Very few labeled cell bodies were detected in the OB (Figure S1), and even these are likely newborn GCs migrating from the rostral migratory stream—such cells take more than 3 weeks to release GABA (Bardy et al., 2010) and should not contribute significantly toward direct release upon light stimulation. To confirm functional expression of ChR2 in AON neurons, we obtained whole-cell patch-clamp recordings
from AON neurons in acute slices from infected animals. Stimulation with blue light (whole field illumination, Topoisomerase inhibitor 5–10 mW/mm2) depolarized AON neurons sufficiently to evoke action potentials (Figure 1C). In fixed brain tissue, EYFP-positive axon terminals were clearly visible in the granule cell layer and the glomerular layer in both the ipsilateral and contralateral OB (Figure 1D).

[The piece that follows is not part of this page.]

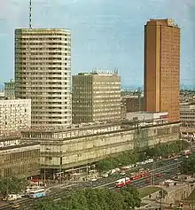 The Hotel Orbis Forum was built from 1972 to 1974, during Poland's communist era, by the state-owned travel monopoly Orbis. The hotel was designed to accommodate foreign visitors, and was managed by the budget Forum Hotels division of Pan Am's InterContinental Hotels chain. The hotel was designed by Swedish architect Sten Samuelson and erected by Swedish construction company Skånska Cementgjuteriet. It was the second tallest building in Poland after the Stalinist Palace of Culture and Science. The hotel opened on January 25, 1974.[1] The building's flat, rectangular shape, with rows of small windows and a brown facade, earned it the nickname giant chocolate bar.[2]

The fluorescence intensity of EYFP per area unit was not uniform across the different layers of the OB, with greater intensities in the granule cell layer and the bottom part of the glomerular layer; fluorescence intensities were distinctly lower in the external plexiform layer, where most of the dendrodendritic synapses between MCs/TCs and GCs are located (Figure 1E). Contralateral projections to the glomerular layer had lower intensity than those in ipsilateral glomerular layer, even when normalized to their corresponding granule cell layer intensities (1.02 ± 0.09 versus 0.62 ± 0.13, n = 3, p < 0.05; Screening Library datasheet Figure 1F). These differences in average fluorescence intensities reflected the difference in density of fibers rather than expression levels of ChR2-EYFP, because the fluorescence intensity per area unit of single fibers in ipsilateral and contralateral OB were 1.00 ± 0.21 and 1.07 ± 0.28, respectively (n = 3 experiments, > 50 axons per experiment; errors are SD; Figures 1G and 1H), and not significantly different (p > 0.1). We examined synaptic responses of MCs to AON stimulation using whole cell recordings in acute OB slices that were made 2 to 4 weeks postinjection (Figure 2A). Excitatory and inhibitory synaptic currents were recorded in the voltage-clamp
mode at −70mV and 0mV, respectively, in response to a pair of 10 ms light pulses 100 ms apart. Although responses to pairs of stimuli are shown in the figures, all analysis mafosfamide reported below were done for the response to the first of the pair of stimuli. Light stimulation, unexpectedly, elicited excitatory as well as inhibitory synaptic currents in MCs, with inhibition being the dominant component (Figure 2B). All evoked currents were blocked by ionotropic glutamate receptor blockers (10 μM CNQX+ 100 μM APV; excitation blocked by 92.6% ± 4%, n = 3; inhibition blocked by 94.7% ± 3.1%, n = 4; p < 0.01; Figure 2C). Excitatory postsynaptic current (EPSC) amplitudes ranged from 5.8 to 29.1 pA and averaged 18.5 ± 6.6 pA (n = 15).